Kıbrıs Türk Öğretmenler Sendikası (KTÖS) Genel Sekreteri Burak Maviş, Kıbrıs'ta kalıcı bir çözüm için müzakerelerin kaldığı yerden yeniden başlaması gerektiğinin altını çizerek, sürece katkı koymaya hazır olduklarını söyledi.
Maviş yaptığı açıklamada, BM Genel Sekreteri Antonio Guterres’in kişisel temsilcisi Maria Holguin'in, adanın her iki tarafına hitap eden mektubuna değinerek, Kıbrıs'taki mevcut statükonun devamının kabul edilemez olduğuna dikkat çekti.
"Adada bir çözüme acilen ihtiyacımız var" diyen Burak Maviş, müzakerelerin aşamalı ve sonuç odaklı bir şekilde gerçekleşmesi gerektiğini de sözlerine ekledi.
Maviş'in açıklaması şöyle:
"BM Genel Sekreteri Antonio Guterres’in kişisel temsilcisi Maria Holguin, adanın her iki tarafına hitap eden mektubunda, Kıbrıs adasının uzlaşmayı ve yeni bir yol bulmayı hakkettiğini ifade ederek Kıbrıs sorununa çözüm bulmak için 'farklı düşünmemiz' gerektiğinin altını çizdi.
KTÖS Yönetim Kurulu olarak, üzerinde mutabık kalınan çerçeveye dayalı olarak ve müzakerelerde elde edilmiş tüm çözüm müktesebatını dikkate alarak yenilenmiş bir sürecin yeniden başlatılması yönündeki çabaları desteklemeye ve Kıbrıs'ta sürdürülebilir bir çözüme katkıda bulunmaya hazır olduğumuzu vurgulamak isteriz.
Bu bağlamda da Kıbrıs Barış Kültürü Merkezi Derneği (CPDC) ve Barış için Kararlılık (Apofasi Irinis) ortak açıklamasını fikirsel olarak desteklediğimizi kamuoyuna duyururuz.
Kıbrıs'ta süregelen statüko kabul edilemez, tehlikeli ve sürdürülemez olup, toplumlarımızda yaşamın her alanını etkileyen derin bir sosyal ve kültürel bölünme yaratmaktadır. Ayrıca ekonomik olanakları olumsuz etkilemekte, eğitim ve kültürel etkileşimin önünde bariyerler oluşturmakta ve en önemlisi de barış, uyum ve refah içinde bir Kıbrıs'a ulaşılmasını engellemektedir.
Adada bir çözüme acilen ihtiyacımız vardır. Statükonun devamı, her iki toplumda da Kıbrıslıların kayda değer yeteneklerini kullanmalarını, ortak yönetim ve işbirliği yoluyla gerçek potansiyellerine ulaşmalarını ve önlerindeki küresel zorluklara ve risklere karşı daha etkili bir şekilde yanıt vermelerini zorlaştırmaktadır.

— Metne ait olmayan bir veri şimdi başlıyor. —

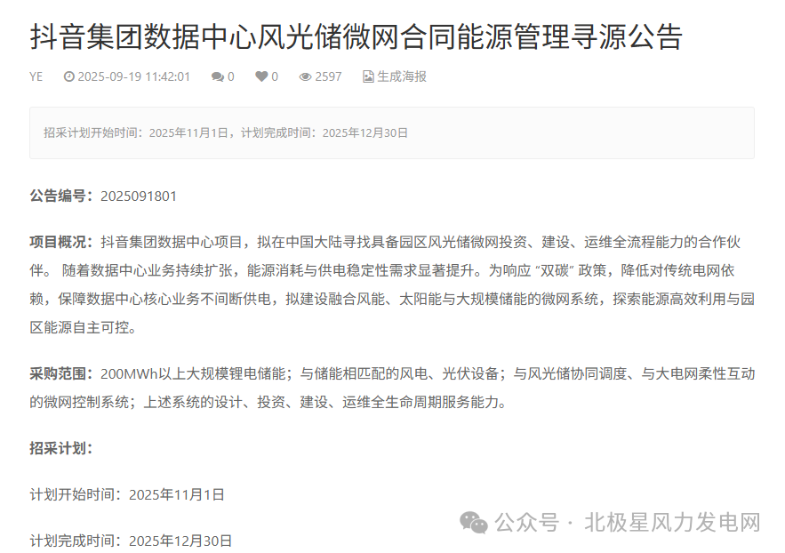 近日,抖音集团数据中心项目启动合作伙伴招募,拟在中国大陆寻找具备园区风光储微网投资、建设、运维全流程能力的企业,核心采购范围涵盖风电设备在内的多类能源系统及服务,旨在通过风光储微网建设,破解数据中心能源消耗与供电稳定性难题,同时响应“双碳”...

Ancak bu sefer farklı bir yol izlenmelidir: Müzakereler aşamalı, anlamlı ve sonuç odaklı olacak şekilde yeniden başlamalı, olası çıkmazların çözümü için taraflarca üzerinde mutabık kalınan bir mekanizma olmalı ve bu şekilde her iki toplumun ayrı ayrı ve eşzamanlı referandumlarda onayına sunulacak kapsamlı bir çözüm anlaşmasına varılmalıdır. Statüko kabul edilemez ve sürdürülemez olduğundan, statükonun devamı olası sonuçlar arasında yer almamalıdır."